*63Opinion of the Court.
THIS was an action of ejectment. Both the lessor of the plaintiff and the defendant claim title under their father, Moses Thomas. The lessor of the plaintiff derives title in virtue of a deed of gift made to him by his father in his lifetime, shortly before his death; and the defendant claims under the will of his father. The tract so conveyed to the lessor of the plaintiff, and that devised to the defendant interfere in a small part, which constitutes the subject of controversy in this suit. On the trial, after the defendant had read the will of his father in evidence, he offered testimony, for the purpose of proving that the lessor of the plaintiff had falsely represented to the testator, that he and his brother, the defendant, had come to an agreement to exchange a part of their lands, and thereby induced the testator to execute the deed to the lessor of the plaintiff, so as to include a part of the tract which he had designed for the defendant. To the admission of the testimony, for the purpose of proving the fraud in obtaining his deed, the lessor of the plaintiff objected ; but the court overruled the objection and permitted the testimony to go to the jury; to which the lessor of the plaintiff excepted, and a verdict and judgment having been rendered against him, he has brought the case to this court by writ of error.

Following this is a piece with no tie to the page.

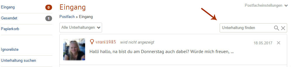In der Postfachübersicht gab es bisher bereits eine Suchfunktion; diese haben wir noch weiter optimiert. Einfach auf „Unterhaltung durchsuchen“ klicken und anschließend nach Benutzernamen des Chatpartners, Betreff einer Gruppennachricht, Name einer Gruppe oder Titel eines Events suchen und mit Hilfe der zusätzlichen Filter nach ungelesenen, unbeantworteten und vom Empfänger ungelesenen Nachrichten filtern.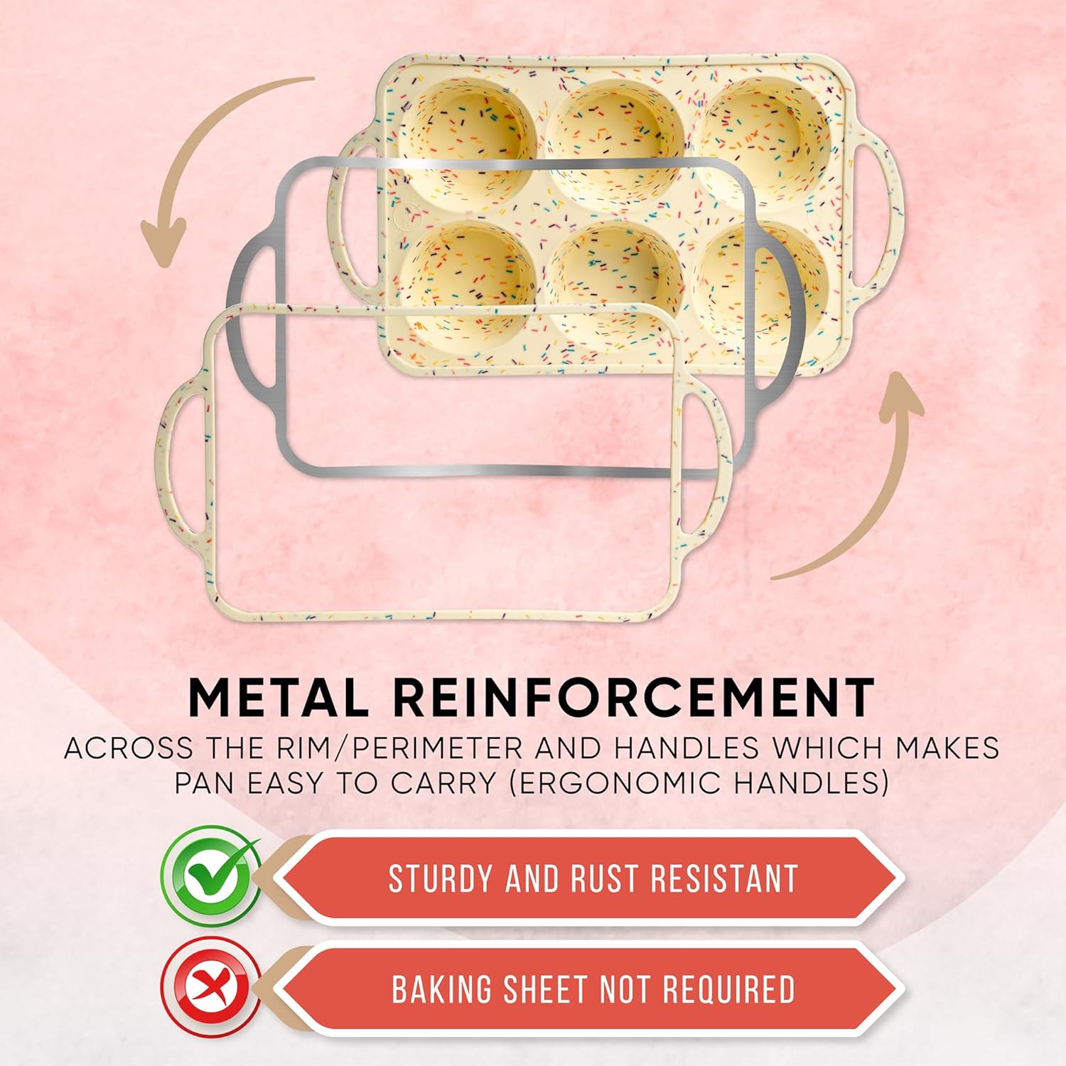 Confetti Silicone Jumbo Muffin Pan 6 Cup–Non-Stick Cupcake Pans for Baking, Heavy-Duty Large Silicone Muffin Pans for Baking, BPA-Free, Easy-Release, Oven & Dishwasher Safe

1. The testimony objected to by the lessor of the plaintiff, was, we think, improperly admitted by the circuit court. The alleged fraud in obtaining the deed by the lessor of the plaintiff from his father, might, no doubt, if sufficiently proved, justify a court of equity in giving relief to the defendant; but it cannot, we apprehend, furnish a legitimate ground for an available defence at law.
2. It is true, where there is fraud in the execution of a deed, whereby it is rendered wholly void, the fraud may be taken advantage of in a court of law, as well as in a court of equity. But the alleged fraud, in this *64case, was only in the inducement to the execution of the deed, and affects it only in part, and a small part too. As a deed cannot, under such circumstances be deemed wholly void, and as it would he manifestly absurd, to consider it void as to part, and good as to the residue, it is clear, that a court of law is incompetent to afford relief that would be commensurate with the demands of justice. Such relief, however, a court of equity is fully able to afford, not by treating the deed as void in any part, but by considering the lessor of the plaintiff as a trustee for the defendant, for so much of the land as he had improperly obtained a title to, and compelling him to surrender it.
The judgment must, therefore, be reversed with costs, and the cause be remanded, for new proceedings to be had, not inconsistent with the foregoing opinion.